Task instructions ::
Skip the pictures. Output only the lines below starting at the line with "La música electrónica" and ending at the line with "Het perceel waarop", both ends included, exactly as they are.

====== Exercise data

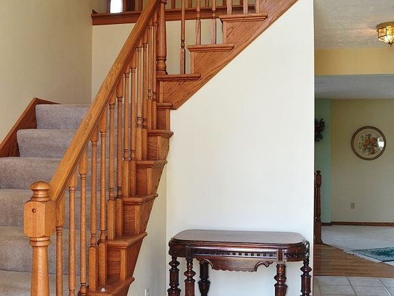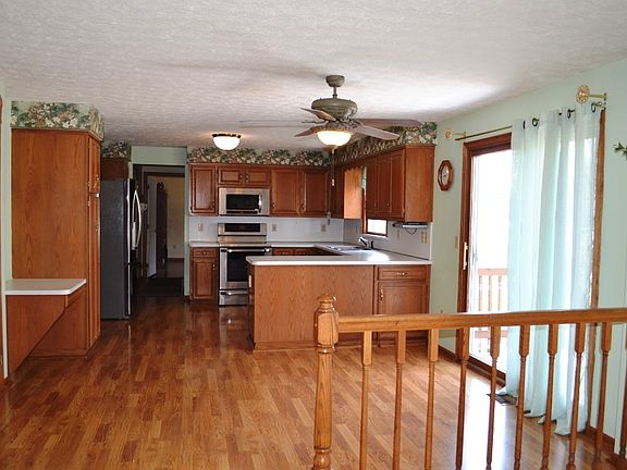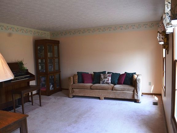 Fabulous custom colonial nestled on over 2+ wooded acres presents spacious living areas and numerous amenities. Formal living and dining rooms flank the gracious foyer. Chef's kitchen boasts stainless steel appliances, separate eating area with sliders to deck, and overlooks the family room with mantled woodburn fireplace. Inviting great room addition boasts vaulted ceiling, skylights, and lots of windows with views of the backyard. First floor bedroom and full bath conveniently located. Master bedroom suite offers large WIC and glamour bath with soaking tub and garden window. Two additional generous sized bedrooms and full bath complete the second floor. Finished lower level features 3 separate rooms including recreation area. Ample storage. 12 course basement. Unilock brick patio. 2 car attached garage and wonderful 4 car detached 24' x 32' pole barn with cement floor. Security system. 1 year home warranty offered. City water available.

============
====== Exercise data

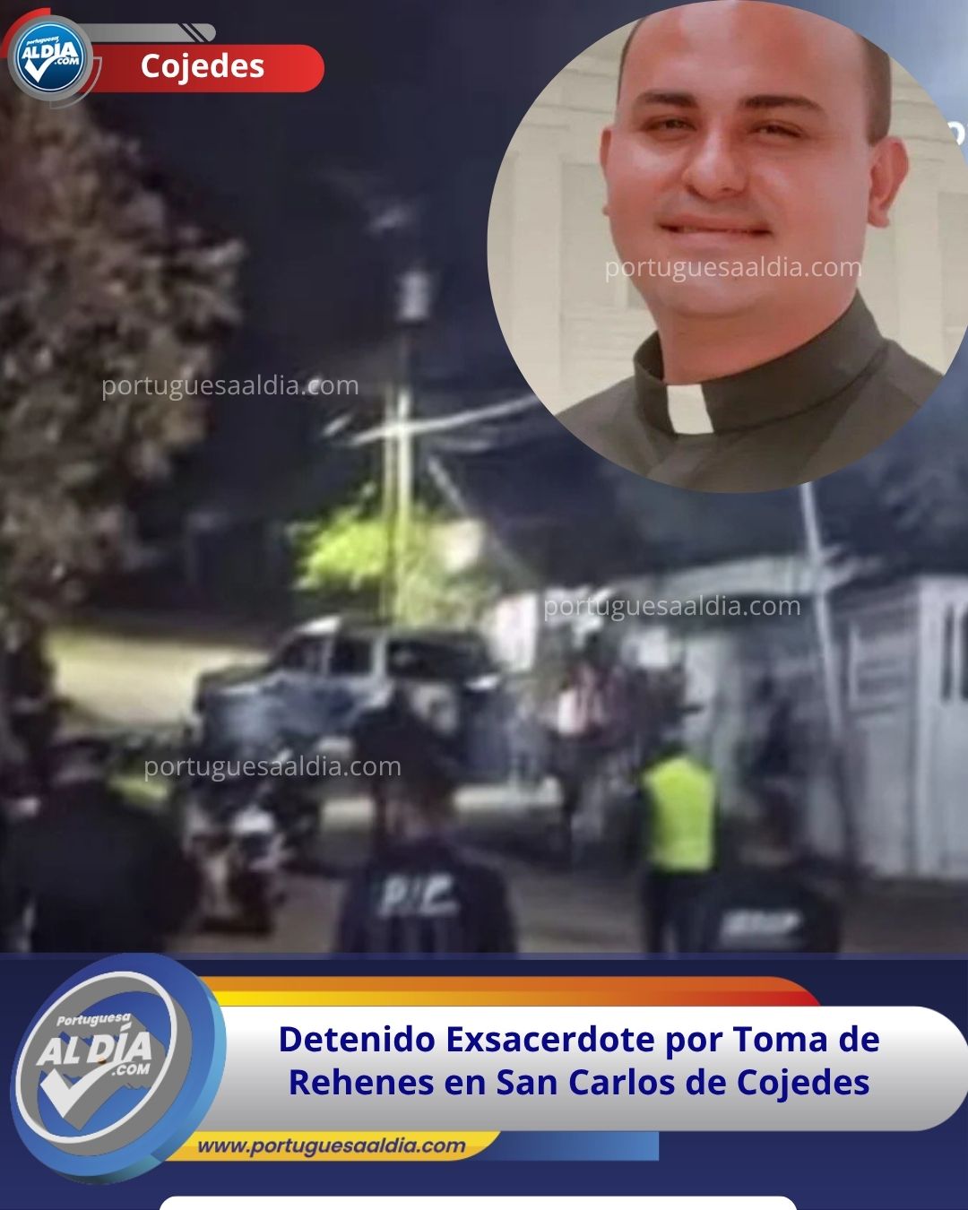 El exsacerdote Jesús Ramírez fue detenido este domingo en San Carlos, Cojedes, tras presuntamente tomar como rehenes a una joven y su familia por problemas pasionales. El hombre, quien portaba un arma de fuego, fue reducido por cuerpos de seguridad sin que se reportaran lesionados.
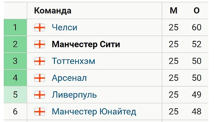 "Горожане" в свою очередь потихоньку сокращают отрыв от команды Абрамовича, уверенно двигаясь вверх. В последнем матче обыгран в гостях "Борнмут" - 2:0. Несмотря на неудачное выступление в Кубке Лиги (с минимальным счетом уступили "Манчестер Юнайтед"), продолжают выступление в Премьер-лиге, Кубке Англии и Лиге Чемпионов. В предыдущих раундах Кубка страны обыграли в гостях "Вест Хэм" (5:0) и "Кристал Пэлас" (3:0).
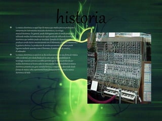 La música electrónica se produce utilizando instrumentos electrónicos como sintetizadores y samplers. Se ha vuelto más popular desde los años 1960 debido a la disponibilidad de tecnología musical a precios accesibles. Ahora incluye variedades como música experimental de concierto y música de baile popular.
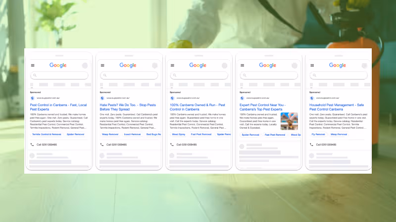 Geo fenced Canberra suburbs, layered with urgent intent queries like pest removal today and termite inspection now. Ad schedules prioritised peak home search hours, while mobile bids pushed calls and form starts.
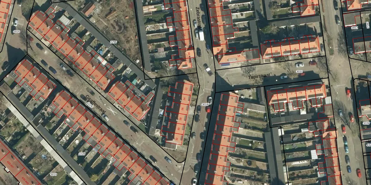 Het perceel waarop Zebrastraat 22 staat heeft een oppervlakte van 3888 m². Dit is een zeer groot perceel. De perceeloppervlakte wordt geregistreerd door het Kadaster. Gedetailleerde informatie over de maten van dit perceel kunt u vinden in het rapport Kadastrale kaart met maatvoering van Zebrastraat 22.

============
====== Exercise data

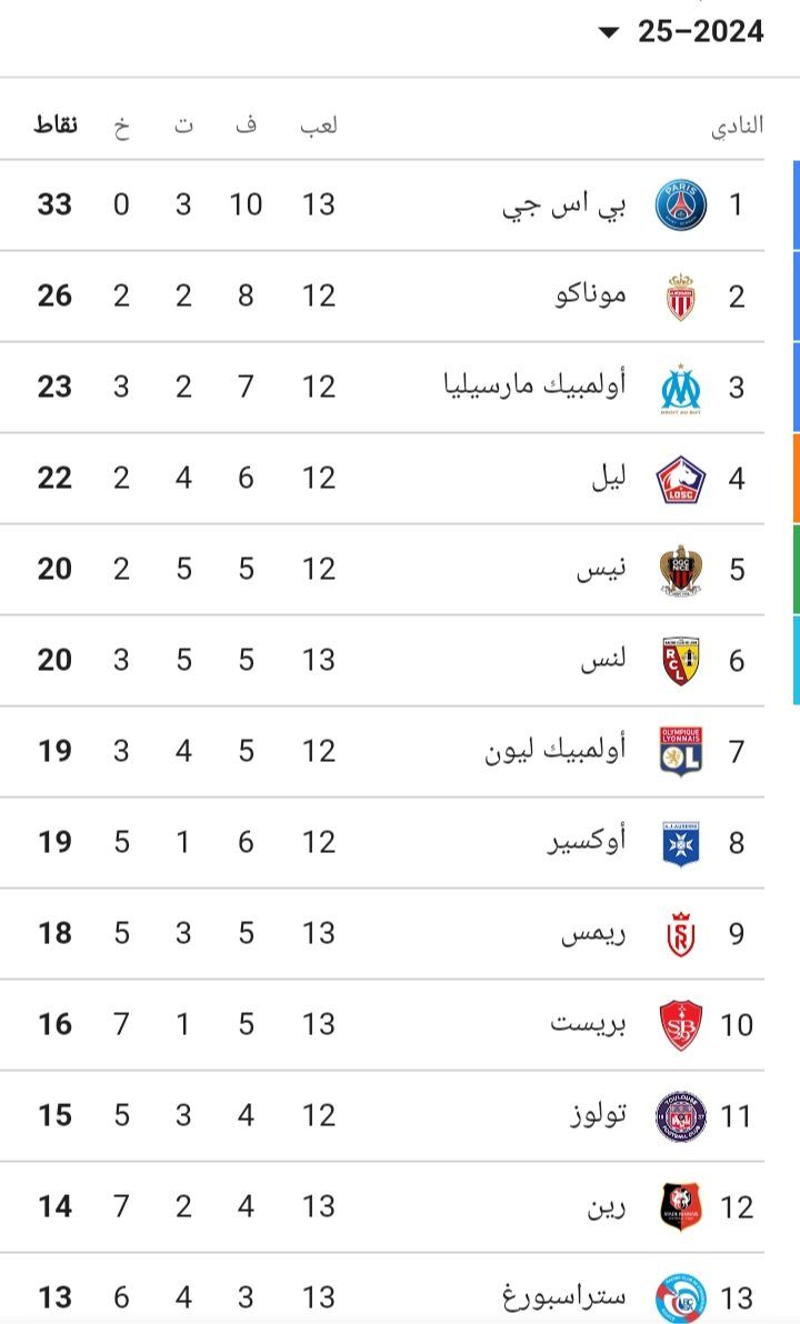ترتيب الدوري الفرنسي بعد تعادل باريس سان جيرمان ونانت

============

Response to this task ::
 La música electrónica se produce utilizando instrumentos electrónicos como sintetizadores y samplers. Se ha vuelto más popular desde los años 1960 debido a la disponibilidad de tecnología musical a precios accesibles. Ahora incluye variedades como música experimental de concierto y música de baile popular.
 Geo fenced Canberra suburbs, layered with urgent intent queries like pest removal today and termite inspection now. Ad schedules prioritised peak home search hours, while mobile bids pushed calls and form starts.
 Het perceel waarop Zebrastraat 22 staat heeft een oppervlakte van 3888 m². Dit is een zeer groot perceel. De perceeloppervlakte wordt geregistreerd door het Kadaster. Gedetailleerde informatie over de maten van dit perceel kunt u vinden in het rapport Kadastrale kaart met maatvoering van Zebrastraat 22.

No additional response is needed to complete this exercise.